| t | rt | Vt | Vt+1 | done | δt | At (raw) | Return target |
|---|---|---|---|---|---|---|---|
| 0 | 1 | 0.5 | 0.4 | 0 | 0.896 | 2.943374 | 3.443374 |
| 1 | 0 | 0.4 | 0.3 | 0 | -0.103 | 2.176900 | 2.576900 |
| 2 | 0 | 0.3 | 0.2 | 0 | -0.102 | 2.424136 | 2.724136 |
| 3 | 1 | 0.2 | 0.1 | 0 | 0.899 | 2.685950 | 2.885950 |
| 4 | 2 | 0.1 | 0.0 | 1 | 1.900 | 1.900000 | 2.000000 |
Generalized Advantage Estimation uses temporal-difference residuals:
At = ∑l=0T-1-t (γλ)l δt+l
Return target: Rt = At + V(st)
The calculator computes At by iterating backward, resetting accumulation when done=1. Optional normalization keeps policy updates stable.
- Paste rewards and value estimates with the same length.
- Optionally add done flags (0/1) for episode boundaries.

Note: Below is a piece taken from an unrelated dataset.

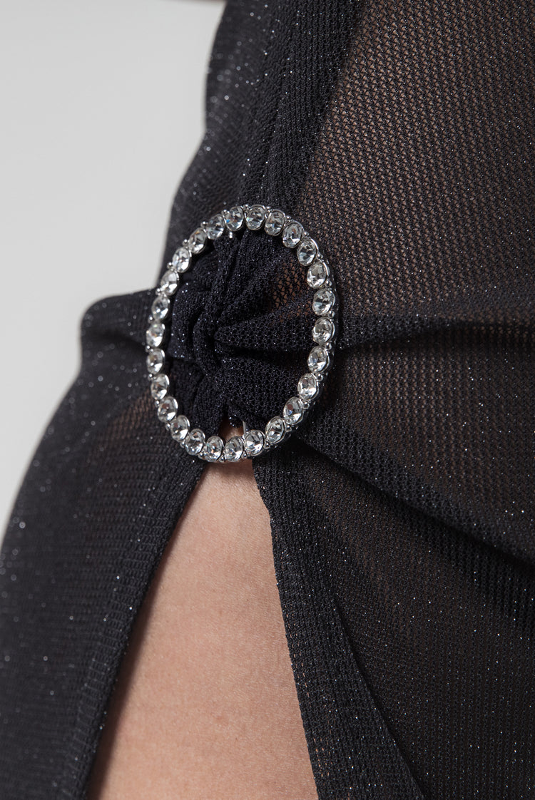 It's one-shoulder cut is all drama, while the glittering crystal ring draws attention to the leg-baring slit.

- If you have Vt+1 already, paste it; otherwise leave it blank.
- Set γ and λ based on your environment and bias/variance needs.
- Click Calculate GAE to view the table above the form.
- Use the download buttons to export CSV or a one-page PDF report.
1) What is a generalized advantage estimate?
It is a smoothed advantage signal that blends multi-step returns using γ and λ. It reduces variance compared with pure Monte Carlo while keeping bias manageable for policy optimization.
2) How do γ and λ change the result?
Higher γ values weigh distant rewards more. Higher λ values use longer traces, reducing bias but increasing variance. Lower λ approaches one-step TD, often more stable but less accurate.
3) Do I need Vt+1 values?
Not always. If you provide only Vt, the calculator shifts it to estimate Vt+1 and uses the bootstrap value for the final step. Supplying explicit Vt+1 is useful with truncated rollouts.
4) What does the done flag control?
It marks episode termination at time t. When done=1, the next-state value is ignored and the backward accumulation is reset. This prevents advantages from leaking across episode boundaries.
5) Should I normalize advantages?
Often yes for policy gradients. Normalization keeps update magnitudes consistent across batches and can improve stability. This tool keeps returns based on raw advantages, while also showing normalized values for training use.
6) What is the return target used for?
Return targets train the value function. A common choice is Rt=At+Vt, which matches the same bootstrapping assumptions used in the advantage estimate.
7) Can I mix multiple episodes in one batch?
Yes. Provide done flags at each boundary. The calculator will reset the trace where done=1, producing correct per-episode advantages even when sequences are concatenated.
8) What input formats are accepted?
Commas, spaces, semicolons, and new lines work. Scientific notation like 1e-3 is supported. For done flags, use 0/1 or true/false.